Work order ->
Write out the line with "Hasiči po příjezdu" and every later line through the end of the data below, exactly as given, with no pictures in the copy.

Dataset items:
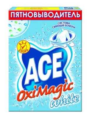 Također je popularan za uklanjanje mrlja na domaćem tržištu - Ace Oxi Magic. Zahvaljujući pristupačnoj cijeni i izvrsnim rezultatima u isto vrijeme, zauzima vodeću poziciju na vrhu ljestvice Kupci ostavljaju samo pozitivne povratne informacije. Ovaj alat za uklanjanje mrlja radi čak i na niskim temperaturama i dizajniran je za bilo kakvu vrstu pranja. Vrlo je jednostavan za upotrebu - samo pomiješajte malu količinu asa s običnim prahom. Nakon prvog pranja, odjeća postaje primjetno svjetlija i čišća. Uz redovitu uporabu, stvari izgledaju novije, a njihove izvorne boje su sačuvane. Proizvođač nudi dvije vrste alata koje možete izabrati za bijelu odjeću ili odjeću u boji. Brzo zbrinjavanje čak i tvrdokornih mrlja glavna je značajka ovog sredstva za uklanjanje mrlja.
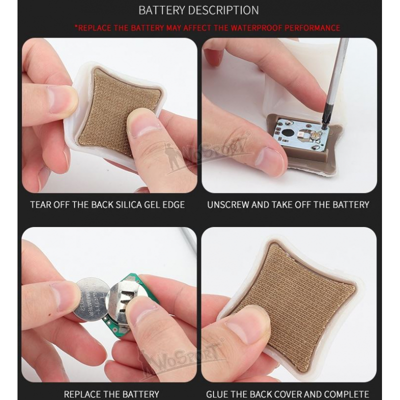 Zdroj svetla obstará batéria CR2032, ktorá je vymeniteľná a je súčasťou balenia (nesprávna inštalácia pri výmene batérie môže ovplyvniť vodotesnosť).
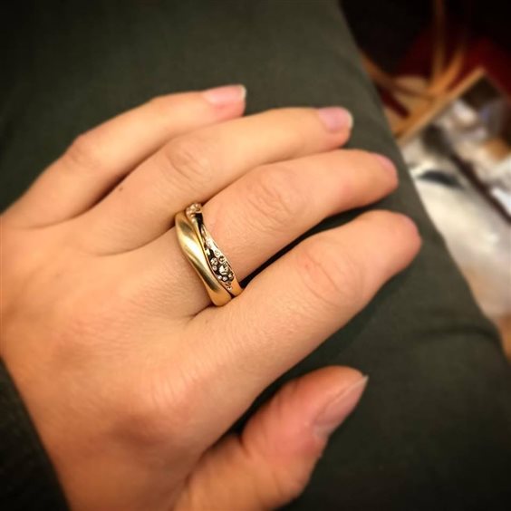 Anello formato da una coppia di anelli uno lucido l'altro satinato che uniti assieme combaciano come un puzzle. Impreziositi da zirconi colorati con sfumature dal bianco all'oro.
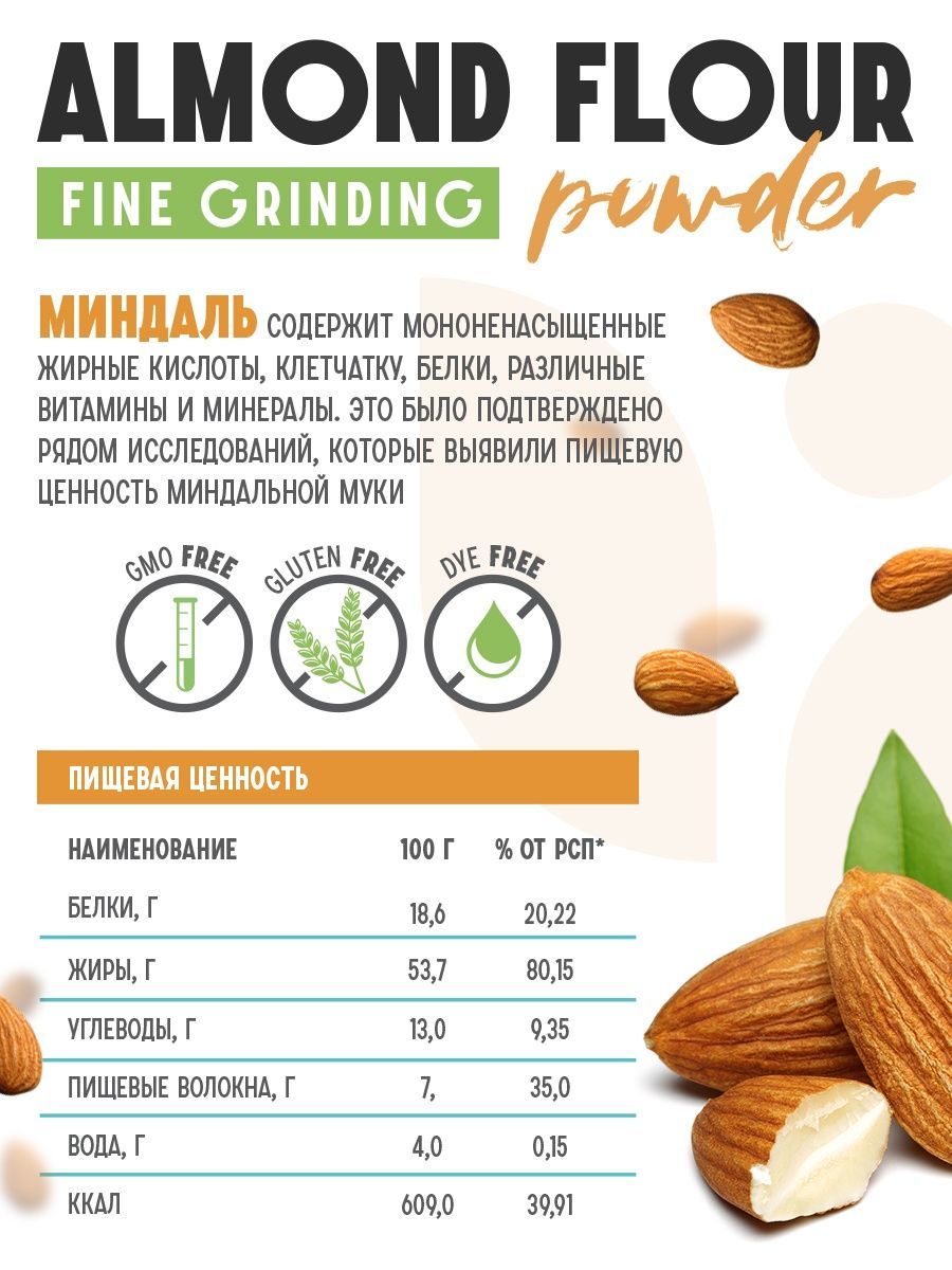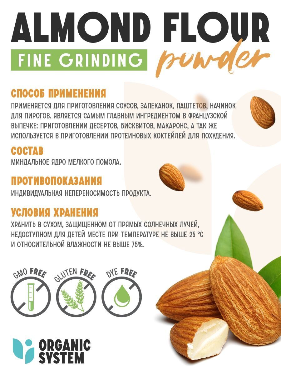 Описание: Миндальная мука Organic System есть не что иное, как перемолотый в мелкий порошок миндальный орех, один из самых вкусных представителей орехового братства. Лечебные свойства миндальной муки обусловлены её химическим составом, в котором содержатся: насыщенные жирные кислоты, холин, бета-каротин, витамины В1, В2, В5, В6, В9, А, С, Е и РР, а также калий, кальций, магний, цинк, селен, медь и марганец, железо, хлор и сера, йод, хром, фосфор и натрий. Миндальная мука не только вкусна, но и чрезвычайно полезна, её рекомендуется употреблять при нарушении зрения, бессоннице, малокровии и судорогах. Мука миндальная мелкого помола без глютена идеальна для выпечки, десертов (макаронс, марципана, бисквитов, печенья) и для загущения соусов и крем-супов. Мука из миндаля это и правильное питание, спортивное питание для похудения и незаменимый компонент, чтобы приготовить кондитерский крем, протеиновый коктейль, коктейль для похудения и спорт питание. Веганский продукт, отлично подходит для кето диеты, без консервантов, без добавок, без ГМО.
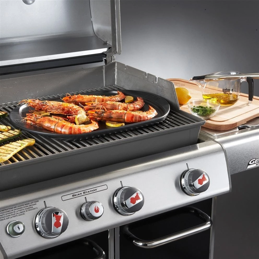 Maak u gereed voor quality time in de achtertuin. Met de vlakke bakplaat is het eenvoudig om een portie gehaktballen, garnalen, asperges of pannenkoeken op de barbecue te bereiden. Door de keramische antiaanbaklaag kan de bakplaat gloeiend heet worden en door de handgrepen is hij gemakkelijk op de barbecue te zetten en eraf te halen als hij koud is.
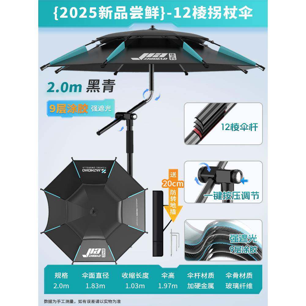 佳钓尼2025新款拐杖钓鱼伞万向大钓伞雨伞户外遮阳防晒专用太阳伞
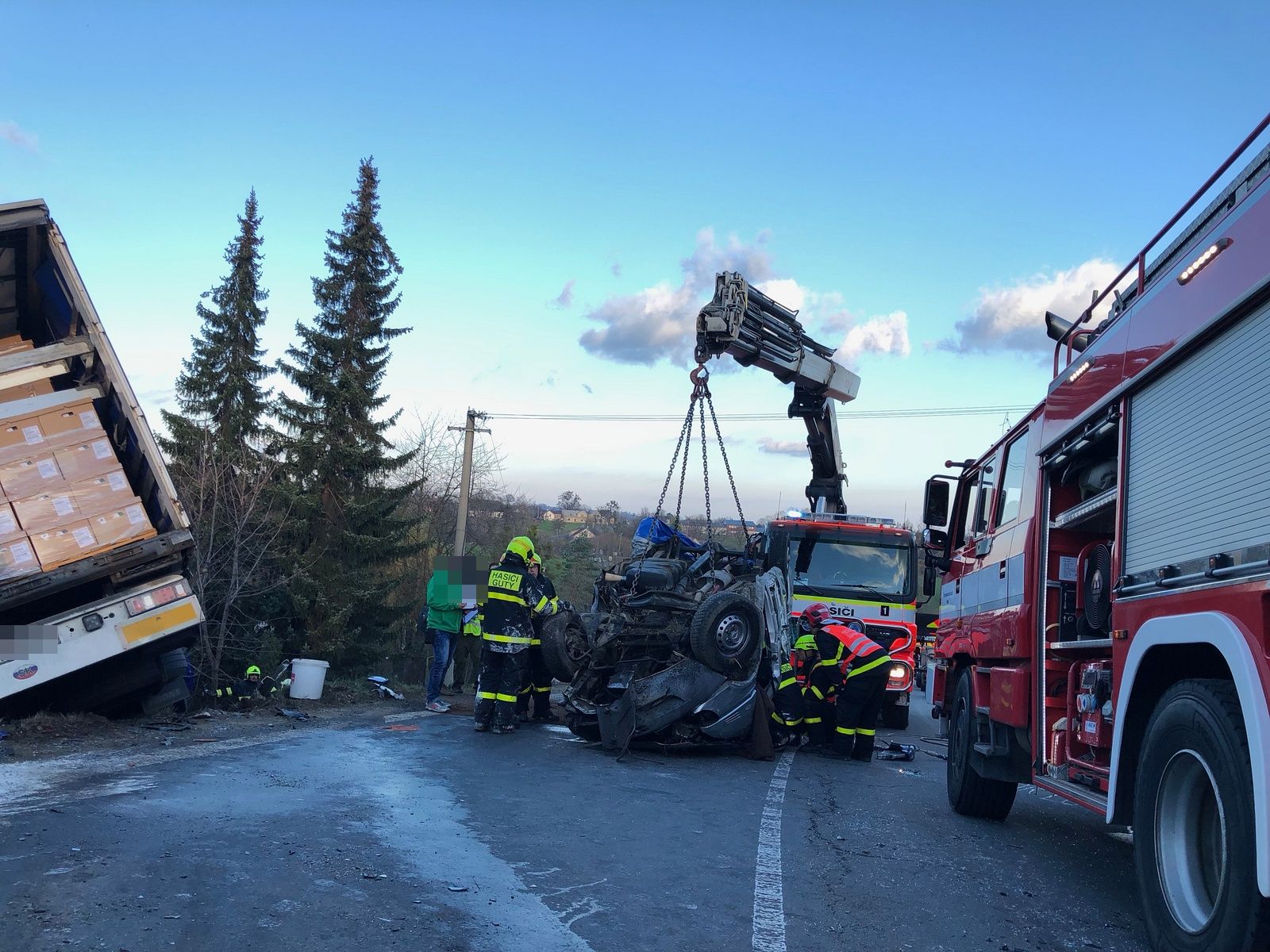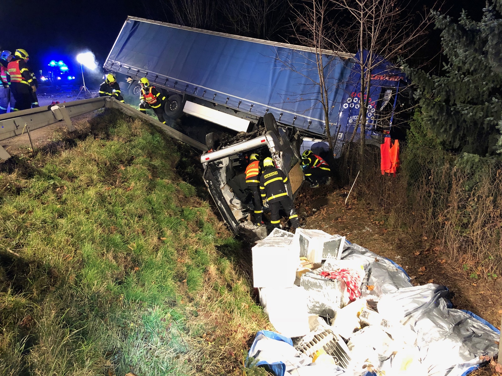 Hasiči po příjezdu k dopravní nehodě zjistili, že došlo ke střetu kamionu a dodávky. Oba automobily skončily mimo komunikaci, dodávka se navíc převrátila na střechu. Uvnitř a také částečně pod ní zůstalo zaklíněno celkem pět osob.
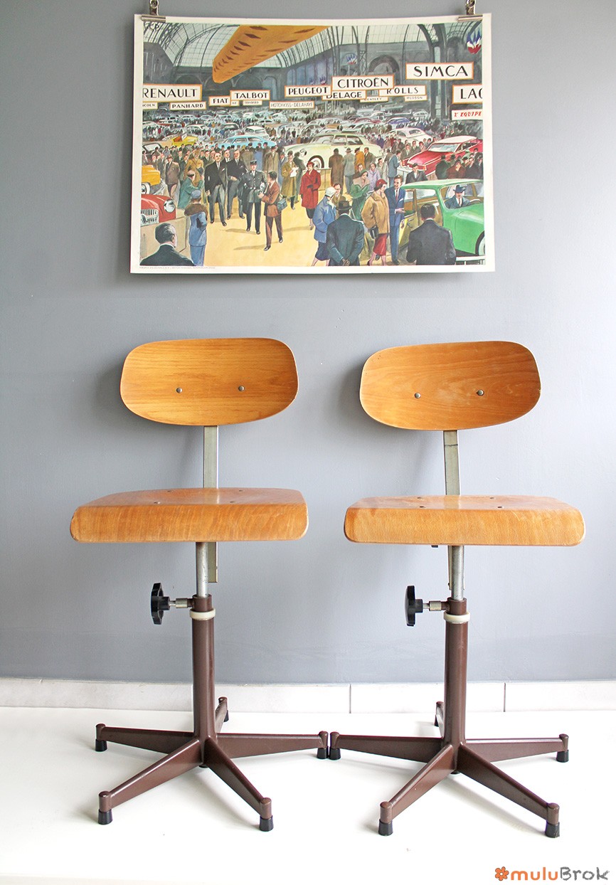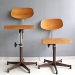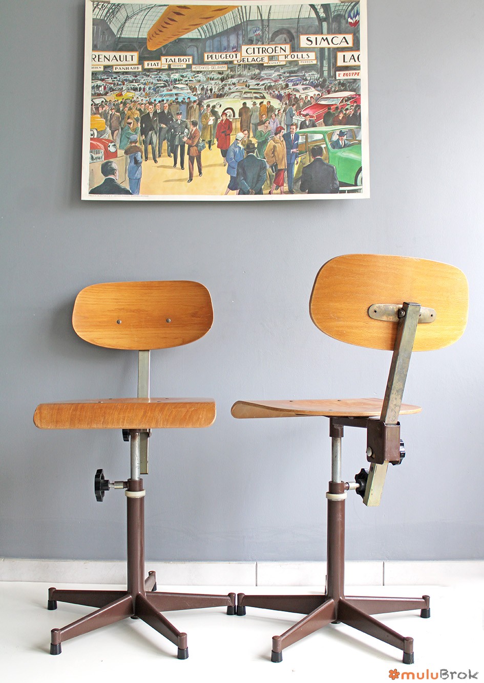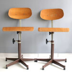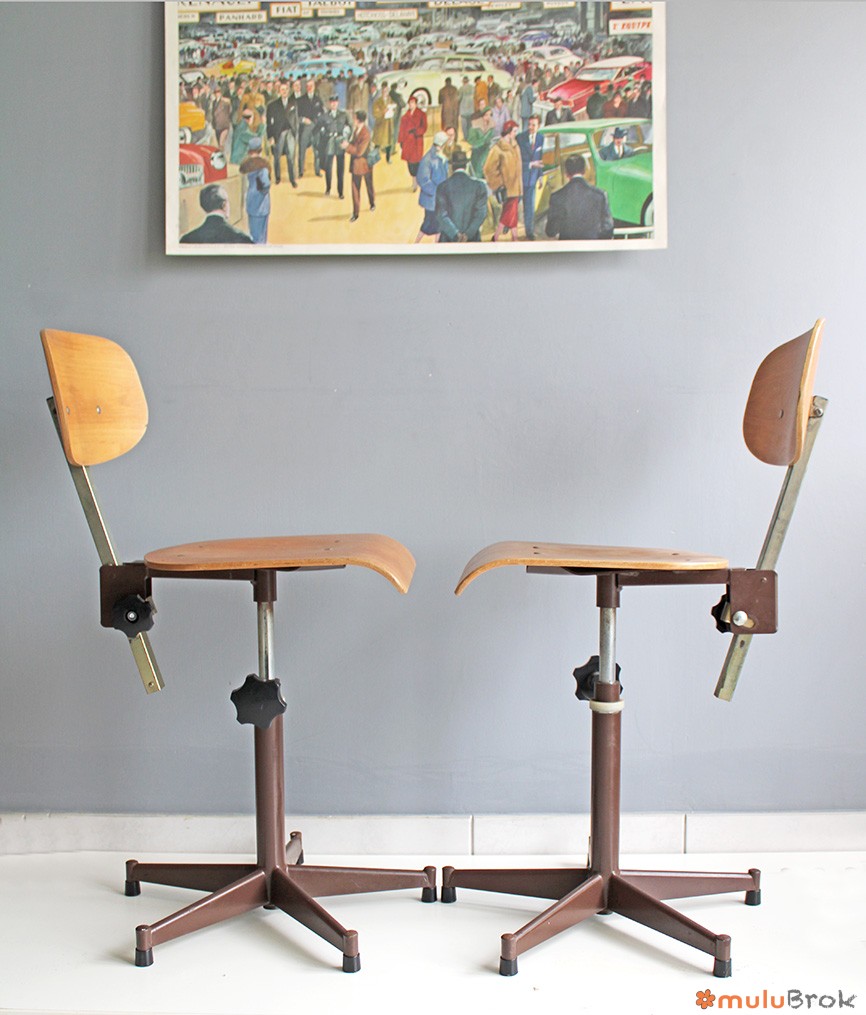 Ancienne chaise d’atelier tournante avec dossier inclinable.

Answer box ->
 Hasiči po příjezdu k dopravní nehodě zjistili, že došlo ke střetu kamionu a dodávky. Oba automobily skončily mimo komunikaci, dodávka se navíc převrátila na střechu. Uvnitř a také částečně pod ní zůstalo zaklíněno celkem pět osob.
 Ancienne chaise d’atelier tournante avec dossier inclinable.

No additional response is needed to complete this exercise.